To cater for these complicated situations, it could be of interest to propose that a key contact person be chosen among the family members using a collegial decision-making process. The family, general practitioner, ICU staff and physicians could meet to designate the person to serve as the surrogate, according to a process that remains to be determined, but which could be modelled on the “family conference”, for example. Such a procedure would guarantee the legitimacy of the surrogate, avoid problems with the other family members, and perhaps also avoid having surrogates who struggle with their new responsibility [3]. There could even be two or more surrogates designated to share the responsibility. This type of procedure would not interfere in any way with the official designation of a surrogate by the patient while still in good health, but would be nonetheless well suited to the specific challenges of the ICU context. Similarly, as discussed below, an exception to the rule of medical secrecy, limited to the duration of the ICU stay, could also be envisaged, justified by the principle of beneficence towards the patient’s family [3].
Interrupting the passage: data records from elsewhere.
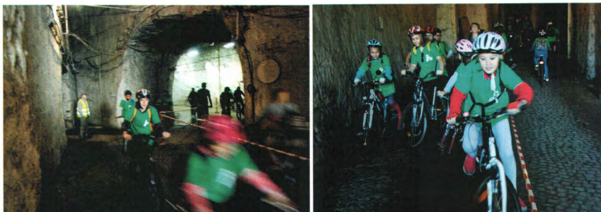
Kerékpártúra a pincében

Az óvodások részére az „Autómentes Napon” a gépkocsiforgalom elől teljesen lezárt Ászok utcában és a KÖSZI előtti parkban kerékpáros bemutatót rendezett a Vuelta Kft., és ügyességi versenyeket tartott a Kocsis Sándor Sportközpont.
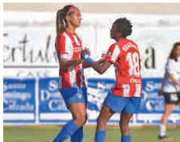
El Atlético tratará de recuperar su mejor versión

Colchoneras y franjirrojas arrancan el curso con la premisa de mejorar sus resultados de la pasada temporada. En el caso del Rayo la situación institucional invita a pensar en que el objetivo será un poco más complicado si
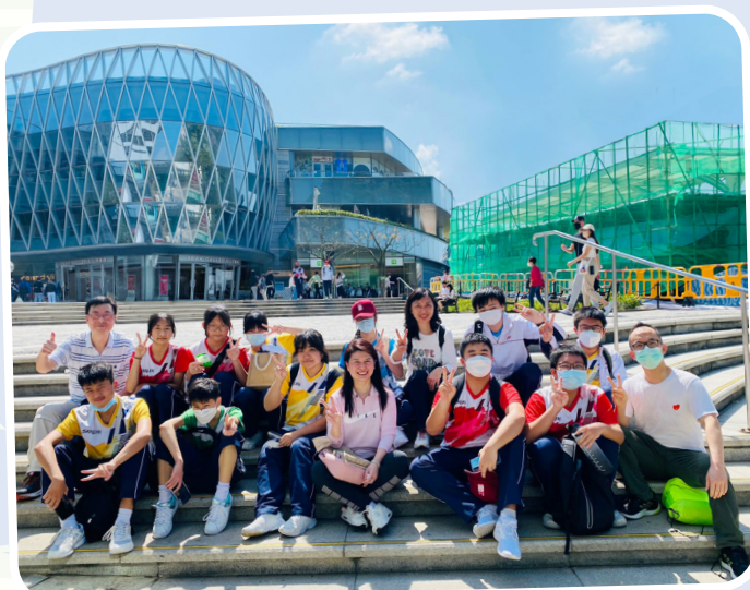
校長與同學們參加聖約翰座堂步行籌款後於山頂留影

經過三年多的疫情，社會回到正軌，校園生活亦隨之復常，全日面授課堂、課後補課、課外活動、各類型活動等都順利舉行。再一次感謝家長們在復常的道路上不斷與本校合作，並積極支持及參與我校舉辦的活動，當中包括工作坊、親子講座、家長日、親子旅行、燒烤晚會等等。感謝您們與孩子們並肩同行，時刻為孩子們提供適切的關懷和幫助。

2.3. Taking the Family into Consideration

The family’s capacity to understand medical information is an important aspect to take into account. Researchers reported that the family’s poor capacity for comprehension was cited by physicians as a factor in their choice of a suitable surrogate. The physicians seem to engage in more intense communication in such cases, but may also tend to limit the amount or type of information imparted, to avoid putting the family into difficulty, either out of beneficence towards them, or because the physician feels that the family will simply not be able to understand or assimilate the information. Conversely, it is noteworthy that compared to their younger counterparts, older and/or more experienced physicians are significantly less prone to limit information, but rather adapt their language appropriately [2].
In the ICU, the vulnerability of the patient’s family evolves in parallel to that of the patient. The family are eager for a word, a gesture, or a titbit of information that might relieve their stress even a little. The family is in a situation of complete dependence on their loved-one’s outcome, and on the medical and caregiving teams, who hold the key to the diagnosis, treatment and information. A lack of communication can give rise to post-traumatic stress disorder, with resultant repercussions on daily functioning, and the possible need for psychological assistance [13][14].
In the ICU setting, numerous factors contribute to almost instantaneous and constant transmission of medical information to the families, such as: the constant presence of medical staff, the availability of the caregivers, the intensity of the care delivered, the large range of complementary exams performed, the increasingly long visiting hours, the wide spectrum of variability in the clinical state of patients, and the uncertainty surrounding prognosis. An oversight or an inaccurate piece of information can usually be corrected in time, before—aided by the family’s anxiety—a state of incomprehension or loss of trust in the medical team sets in.
Absent the possibility to have a meaningful relationship with the patient, the caregivers in the ICU have a very particular relationship with the family. They must at all times show benevolence towards the family, and assist them as they deal with the difficult situation of their loved-one’s hospitalization. In this way, there is a shift from “what is right for the patient” towards “what is right for the family”. Building and cultivating this relationship of trust, notably via pertinent communication, certainly contributes to creating the climate of trust that is essential between the caregivers and the family. In addition, this also promotes high quality management of the patient, and most likely also increases the family’s overall satisfaction [8][15].
Apart from being a key component of the quality of care, provision of adequate information meets a strong need expressed by the families, whose anxiety and “need to know” are understandable. In addition to the legal aspects of providing information in the ICU setting, it is important to take account of the relatives’ need for information. They are constantly waiting for some news about the status of a loved-one with whom they cannot communicate, and the information given to them must therefore be transparent, relevant and adapted to their level of comprehension. When a family is worried and desirous of information about the health status of a loved-one who is unable to express themselves, then providing that information is undoubtedly an act of benevolence.
There is one final issue that can arise with regard to information to families of ICU patients, and that is, what would the patient have wanted? Would the patient have agreed for specific information about his/her prognosis to be delivered indiscriminately to the family members? Is there any possibility that the information about the patient’s prognosis, given to the family by the physician, could affect the family, or their personal lives, or their future projects or future commitment to the patient? When the prognosis is uncertain, poor or abysmal, telling the family as much will inevitably cause them distress. This must be considered during discussions with the family, and it behoves the ICU physician to be particularly prudent and empathetic when addressing this point in conversations with the family.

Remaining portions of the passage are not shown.